This is an example of a receipt classifier using the LinearSVC supervised learning algorithm. The application uses Tesseract OCR to scan receipt images for text, and uses the occurrence each unicode character code as a parameter in LinearSVC.
- algorithm: the algorithm to use, one of LinearSVM, GaussianNB, RandomForest, SGD
- penalty: the penalty parameter passed to LinearSVM, which reduces overfitting as it decreases
- tolerance: the algorithm stopping tolerance passed to LinearSVM, which trades computation time for better accuracy as it approaches 0
- min_n_gram / max_n_gram: the min / max n to use in counting features, which treats all n consecutive characters as a feature for min_n_gram <= n <= max_n_gram
- token_pattern: the regex to use in selecting words, defaults to single characters
To train the application, set the training_data
value in the config.json
to an array of [glob, classification]
values. Glob is a glob of image files to parse, and classification is 1 if the glob is a set of taxi receipts, 0 otherwise.

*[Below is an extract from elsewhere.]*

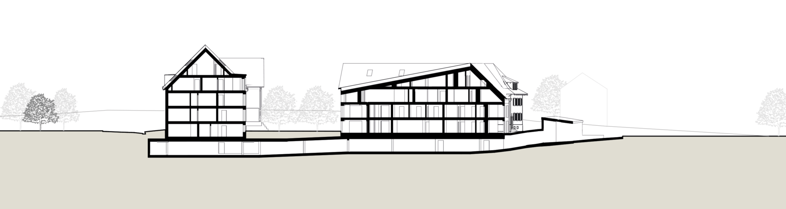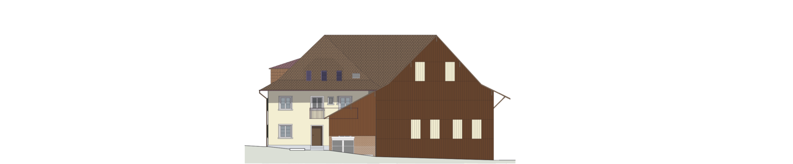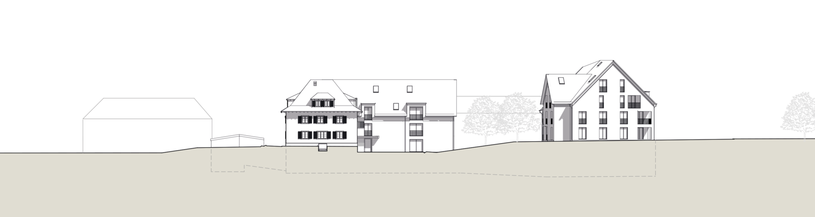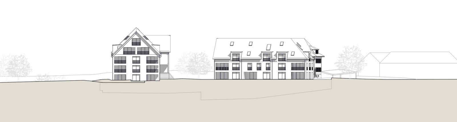 Die geplanten Massnahmen erfolgen unter der Priorität, die Schutzwürdigkeit und Erscheinung des alten Bauernhauses, mit seinem kulturhistorischen Charakter für das Ortsbild, beizubehalten. Im Ersatzneubau werden Mietwohnungen und im Neubau Stockwerkeigentumswohnungen realisiert. Die beiden Neubauten bilden zusammen mit dem Schutzobjekt ein harmonisches Ensemble.

To test the accuracy of the training, configure a test data set similar to the training data set above by setting the test_data
value in the config.json
.
To classify a receipt or set of receipts, call main.py
with a file or glob.
- Tesseract OCR 3.2 or greater
- numpy
- scipy
- scikit-learn
This is technically an implementation of both n-gram and bag of words. Both n in the n-gram algorithm and the word regex token can be configured in the config.json. The default is n = 1, word = /\S/.
The application also supports several other algorithms in the scikit learn module: Gaussian Naive-Bayes, Stochastic Gradient Descent, Random Forest. However, these were added mostly for quick testing. They have not been configured or optimized, and the results were vastly inferior to LinearSVM, as expected.